THE UNITED STATES DISTRICT COURT FOR THE NORTHERN DISTRICT OF ILLINOIS EASTERN DIVISION WENDELL E. WEAVER, ) ) Plaintiff, ) No. 21 C 05148 v. ) ) Chief Judge Virginia M. Kendall MARLENE HENZIE, et al., ) ) Defendants. )
OPINION AND ORDER Now before the Court is Plaintiff Wendell Weaver’s Motion for Sanctions against Defendant Dr. Rozel Elazegui pursuant to Federal Rule of Civil Procedure 30(d)(2). (Dkt. 116). Weaver’s motion is granted. BACKGROUND Wendell Weaver brought this 42 U.S.C. § 1983 deliberate indifference action against Wexford Health Sources, Inc. and several individual doctors who worked at Stateville Correctional Center while Weaver was housed there. (Dkt. 29 at 1–5). Counsel for Weaver deposed one of the individual defendants, Dr. Rozel Elazegui, on September 29, 2024. (Dkt. 121 at 1). During the deposition, Weaver’s counsel began inquiring about a prior case, Est. of Gomes v. Cnty. of Lake, 178 F. Supp. 3d 687 (N.D. Ill. 2016), in which Dr. Elazegui was a defendant and gave a deposition. (Dkt. 116 at 1; Ex. A, Dkt. 116-1 at 9–10 ((Dr. Elazegui Deposition Transcript)). When asked about the Gomes case generally, Dr. Elazegui’s attorney, Robert Ayers, interposed a relevancy objection but told his client to answer the question. (Ex. A, Dkt. 116-1 at 18:6–11). Dr.

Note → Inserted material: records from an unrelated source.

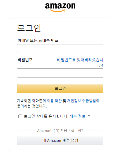 amazon 계정이 없다면 생성하시고(간단하여 생략하겠습니다.)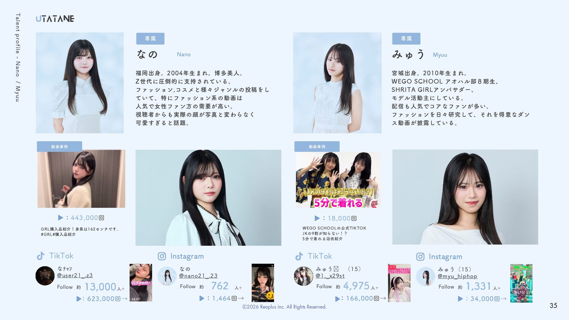 人気で女性ファン方の需要が高い。 視聴者からも実際の顔が写真と変わらなく 可愛すぎると話題。 宮城出身。2010年生まれ。 WEGO SCHOOL アオハル部8期生、 SHRITA GIRLアンバサダー、 モデル活動主にしている。 配信も人気でコアなファンが多い。 ファッションを日々研究して、それを得意なダン ス動画が披露している。 なの みゅう WEGO SCHOOLの公式TIKTOK JKの9割が知らない!? 5分で着れる浴衣紹介 ▶︎:18,000回 Talent profile - Nano / Myuu @user21_.z3 なチャン😼 @nano21_.23 約 なの 762 人+ Follow :1,464回→ @1._x29st 約 みゅう 😻(15) 4,975人+ Follow :166,000回→ @myu_hiphop 約 みゅう(15) 1,331人+ Follow :34,000回→ GRL購入品紹介!身長は162センチです。 #GRL#購入品紹介 ▶︎:443,000回 約 Follow :623,000回→ 13,000人+ TikTok Instagram TikTok Instagram 35 Ⓒ2026 Reaplus inc. All Rights Reserved.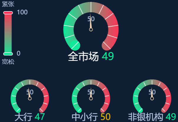 五、资金面情绪指数:全市场49 资金面维稳 (0-100紧张度递增,50为均衡,超过50反映资金紧张)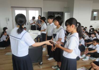 1学期も残り1日となりました。1学年は夏休みを控えて、まとめの学年集会を行いました。宿泊学習ではまとめ学習でよい新聞をつくった班に学年から賞状が渡されました。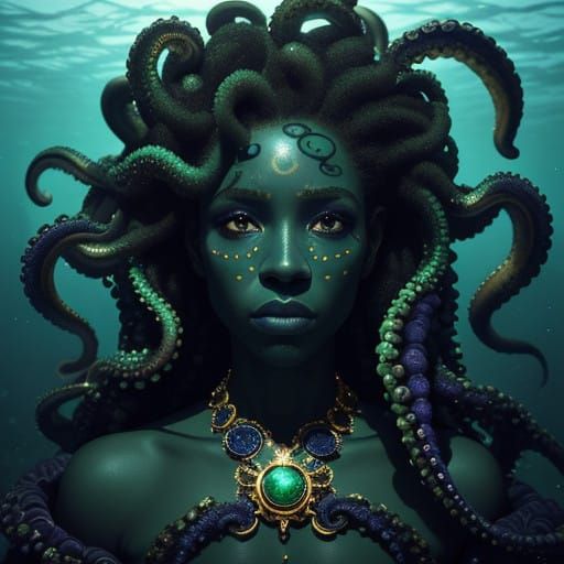 Generate unique African American Ursula images with emerald and gold tentacles. Free and easy AI art creation.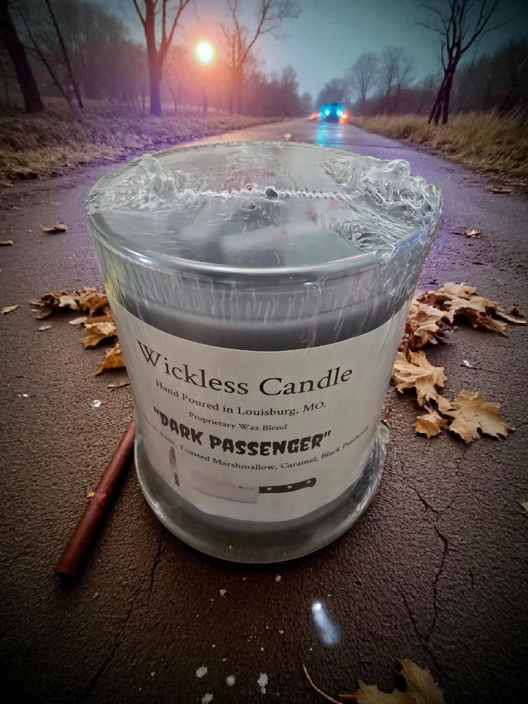 Embrace the spooky season with our limited-edition Dark Passenger 9 oz wickless candle. Savor cozy notes of dark rum, toasted marshmallow, black patchouli, caramel, and molasses that invite you to hide away in mysterious warmth. Perfect for casting a playful yet haunting glow this Halloween.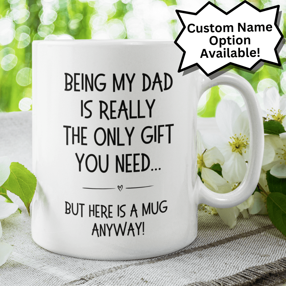 Give your dad a dose of humor with our white ceramic coffee mug that reads, "Being my dad is really the only gift you need...but here is a mug anyway!" It's the perfect way to remind him just how invaluable he is, with a side of laughter to sweeten the deal.
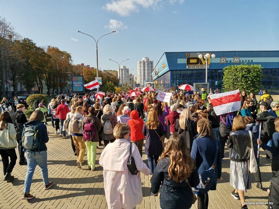 В субботу, 19 сентября, в Минске возле Комаровского рынка собрались участницы традиционного уже в Беларуси женского марша, который был анонсирован как "Блестящий марш". В отличие от предыдущего марша, который запомнился жесткими задержаниями, правоохранительные органы пока не применяют силы к демонстрантам, но автозаки стоят наготове.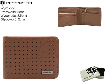 - Portfel męski Peterson z wysokiej jakości skóry ekologicznej. Elegancki, nowoczesny design, zabezpieczenie RFID. Idealny na prezent – zapakowany w stylową puszkę. Funkcjonalny portfel męski z ochroną danych.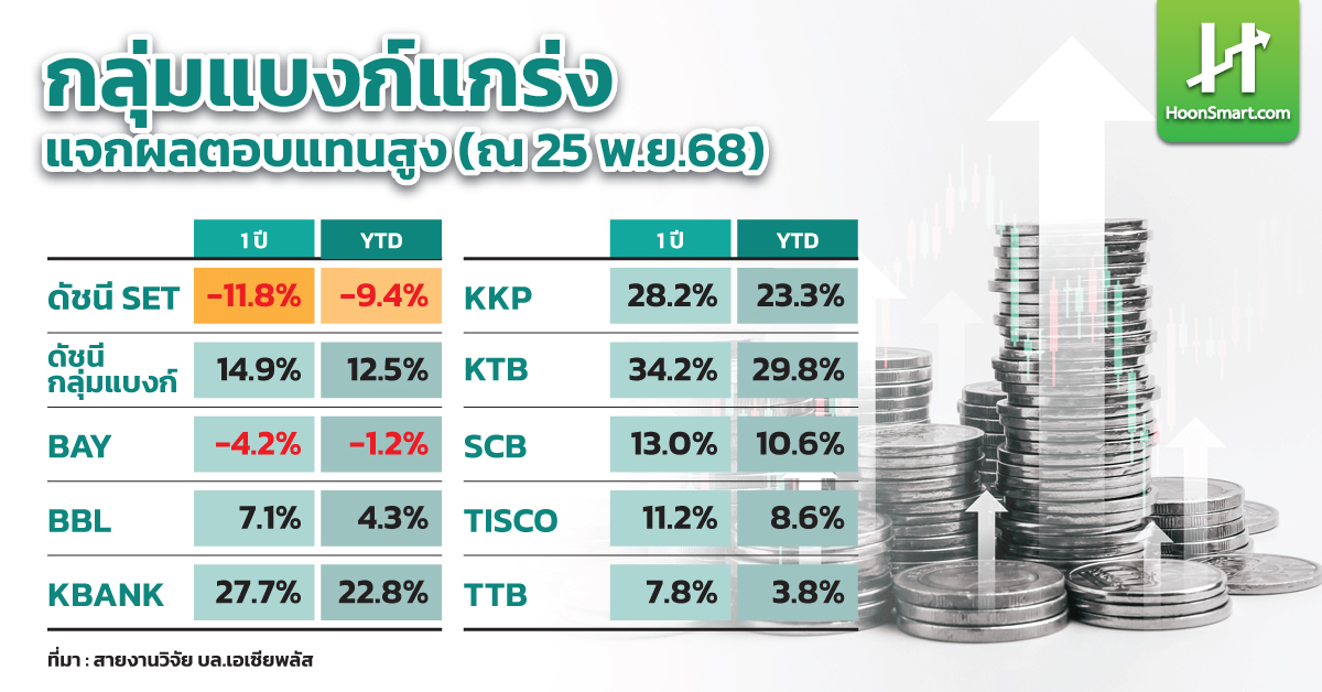 “กลุ่มแบงก์ใหญ่ชอบ KTB มากที่สุด จาก ROE สูงสุดในกลุ่มแบงก์ใหญ่ และโอกาสในการซื้อหุ้นคืน รองลงมา BBL จากแนวโน้มคุณภาพสินทรัพย์เริ่มคุมได้ดีขึ้น แม้แผนการบริหารโครงสร้างเงินทุนช้ากว่ากลุ่ม แต่สะท้อนในราคาหุ้นแล้ว หลัง Earning yield (EPS/ราคา) ที่ 15% สูงกว่าธนาคารใหญ่ หากมีการส่งสัญญาณยกระดับนโยบายการจ่ายเงินปันผลจะช่วยให้ราคาหุ้นฟื้นตัวตามธนาคารใหญ่ได้ดีขึ้น และ KBANK การซื้อหุ้นคืนช่วยจำกัดความเสี่ยงราคาลง และลุ้นเงินทุนไหลเข้า”บล.เอเซียพลัสระบุ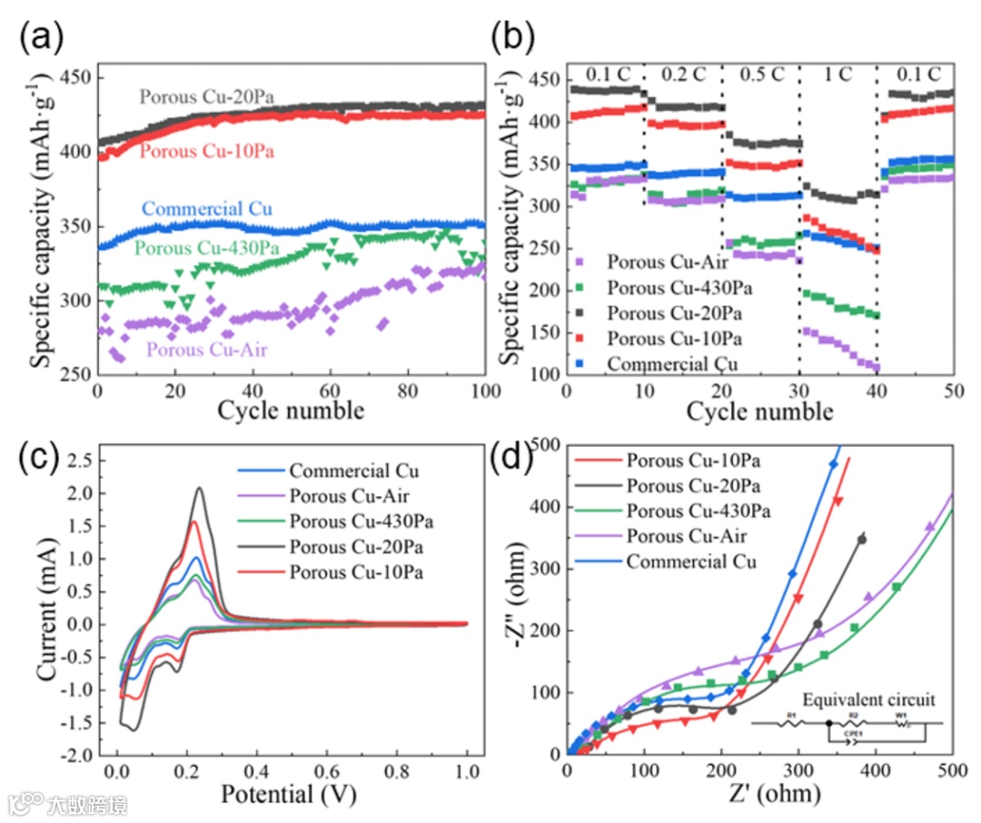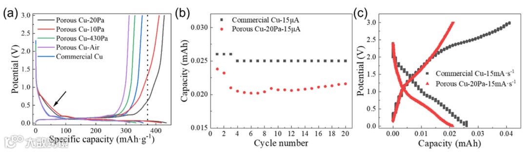 图5a是0.1 C充放电曲线:Porous Cu-20Pa比容量435 mAh/g,10 Pa样品420 mAh/g,商业铜箔仅350 mAh/g。石墨理论容量是372 mAh/g,20 Pa样品超出15.6%,10 Pa超出12.9%。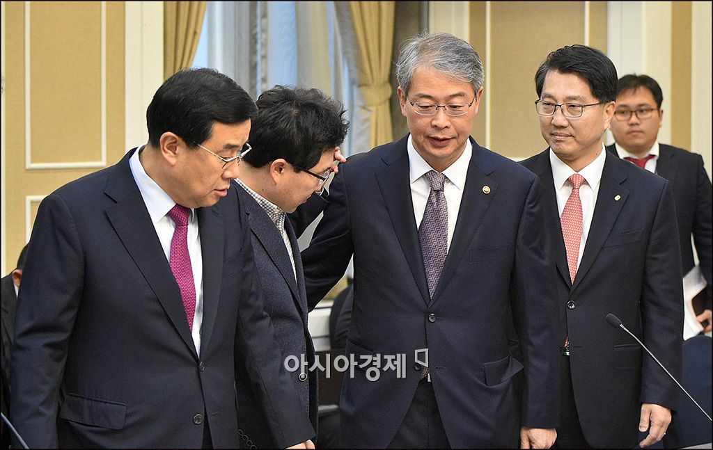 [아시아경제 윤동주 기자] 임종룡 금융위원장과 진웅섭 금감원장이 2일 국회에서 열린 카드 수수료 인하 당정협의에 참석, 김정훈 새누리당 정책위의장 등 참석의원들과 포즈를 취하고 있다.윤동주 기자 doso7@asiae.co.kr<ⓒ세계를 보는 창 경제를 보는 눈, 아시아경제(www.asiae.co.kr) 무단전재 배포금지>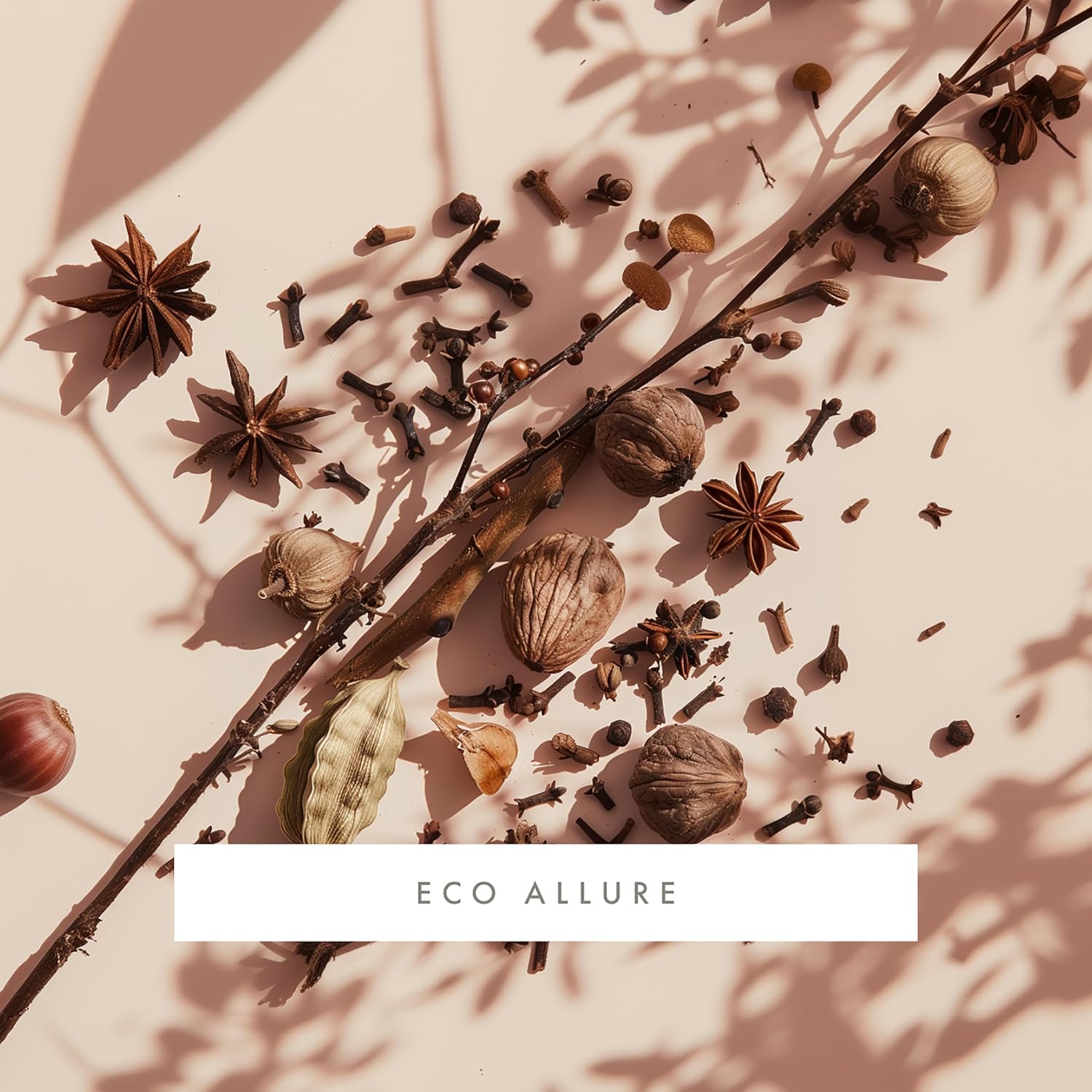 - ECO ALLURE: An alluring blend of zesty Italian bergamot, the warm spices of Guatemalan cardamom, Indonesian clove and upcycled Caribbean pimento leaf perfectly blend with soft upcycled sandalwood and upcycled French oak.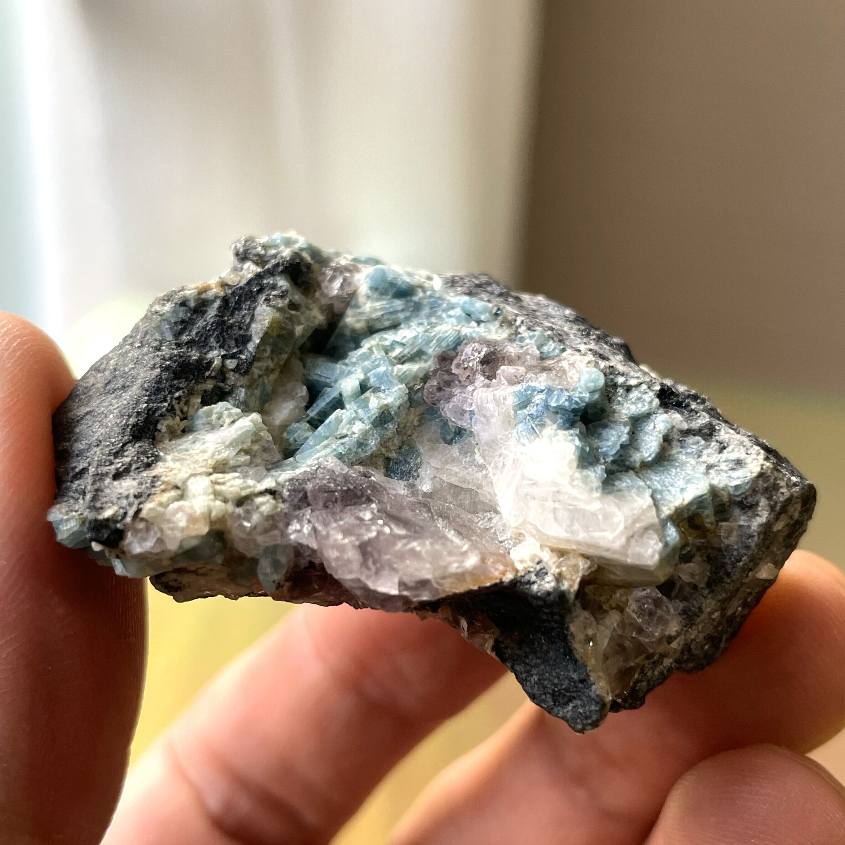 希少なフェナカイトとフローライトとアクアマリンが共生しているクラスターです。(ロシア産)1枚目画像だとフェナカイトは中央右の白い石です。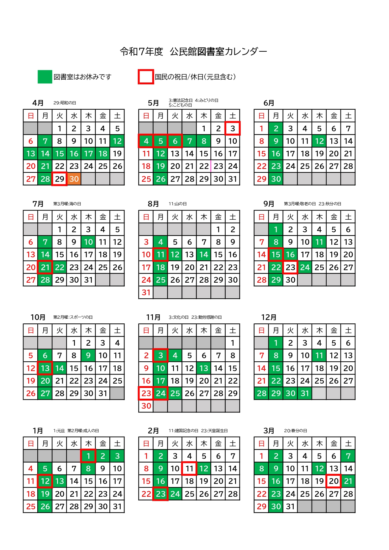 令和7年度の休館日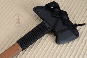 The resilient tan Micarta handle and cord wrap upper provide a secure grip in wet or dry conditions, as well as excellent shock-absorption. Includes a felt lined, Kydex carrier with nylon webbing belt hanger.

Elazegui stated that thinking about the case gave him palpitations, and that he would rather not talk about it, after which Weaver’s attorney said he would make his questioning quick. (Id. at 18:19–24). In the exchange that followed, Dr. Elazegui repeatedly refused to answer questions about the Gomes case, and Mr. Ayers continued to object, now based on lack of foundation and form. (Id. at 19). Dr. Elazegui eventually asked to take a break because he was getting frustrated and experiencing palpitations. (Id. at 20:2–7). After a brief break, Mr. Ayers instructed his client not to answer any further questions
about the Gomes case. (Id. at 20:4, 20:12–21:9). He clarified that the basis for his objection and instruction was “[r]elevance, form, foundation,” the untimely production of the prior deposition transcript, and “the fact that it’s already been litigated.” (Id. at 21:12–19). Immediately thereafter, Weaver’s attorney attempted to contact the Court to resolve the objection, but the Court was not available. (Id. at 22–25). The deposition continued without further mention of the Gomes matter. After the deposition concluded, counsel for both parties met about reaching a mutual agreement on whether and how to reopen Dr. Elazegui’s deposition to address the line of questioning at issue. (Dkt. 116 at 3). Mr. Ayers indicated that he would only agree if the deposition was limited and would otherwise stand by his objections. (Id.) Weaver then filed a Motion to Compel and Motion for Sanctions. (Dkt. 116).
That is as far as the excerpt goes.